If you have a problem, she makes you feel worse
It is typical that you go wrong at school or it went wrong at work and she instead of telling you that everything will be fine, starts to get you ideas that only stress you more.
Get away from them! Believe it or not, many people do it on purpose. Sad but true.
You get the feeling that when you're happy, she gets angry
Something strange happens, but there are many “friends” who cannot see you happy since they are jealous of how well you are doing in life and instead of celebrating with you, they feel offended and even depart from you for a few days .
When she is with you she is one and when she is with her other friends, she is another
If when he is with you he has a way of thinking, but when he is with other friends, he acts totally different ... stay away!
These people are fickle, have no personality of their own and will always go with whoever makes them feel more popular. They are excellent for lying and you don't have to endure your personality changes, it's that simple.
It does not return your things that it takes “borrowed” or wants you to always pay your departures
You have to talk to the truth, and that means dealing with this point that is very common.
If you usually never pay for your outings (to the movies, meals, bars, etc ...) and you never return that bracelet or chain that you lent, say bye.
Unfortunately, there are friends who even feel offended when you ask them for that accessory that you lent them 5 months ago, or when you tell them to give you half of what they spent on the food.

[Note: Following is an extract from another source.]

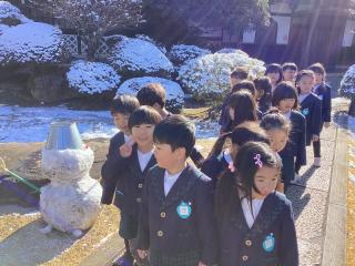 2/9涅槃会が行われた日。前日のお休み中に梅花幼稚園がある沼津市にもなんと!大雪が降りました☆涅槃会で行った霊山寺の境内や、幼稚園の芝生広場、子ども菜園にも雪が降り積もって残っていて、なかなか目の当たりにすることがない光景に大興奮の子どもたちでした(*^^*)年長さんは数日前から準備していた氷が出来ている様子を小さなお友達に見せてくれている様子に優しさを感じました♪雪だるまを作ったり、冷たい雪や氷に触れることで貴重でワクワクの体験となりました(*^^*)

Instead of being her friend, you have become her slave
Many times without realizing it we fall into that dangerous area where we want to “look good” and we go out of our way for that friend, so she doesn't get angry and thus make her happy.
I know because it happened to me. I remember living stressed for always checking my cell phone and being able to answer it as quickly as possible when he sent me a message or always trying to say the right words to confirm that she was "perfect."
I reached a point where I felt totally tied to her needs and in fact I felt great relief when she went on vacation and knew nothing about her.
You have never heard her say the words ...
Excuse me, sorry, it wasn't my intention, it won't happen again, etc ...
He loves to live doing drama
Keep in mind that a friend who loves to live constantly in the drama, always tries to integrate you so that you support her and reaffirm that she is doing well.
If you don't do it, she does even more drama and throws it for you to lift. It is tired to live like this, and you don't have to endure it!
Just listen to what you want to hear
Simply put, if you tell her the truth about a subject and it is not what she expected to hear, she does not believe you and even gets mad at you (as if you were to blame).
If you feel identified with any of these situations, believe me ... it will make you better to end up with your "best friend".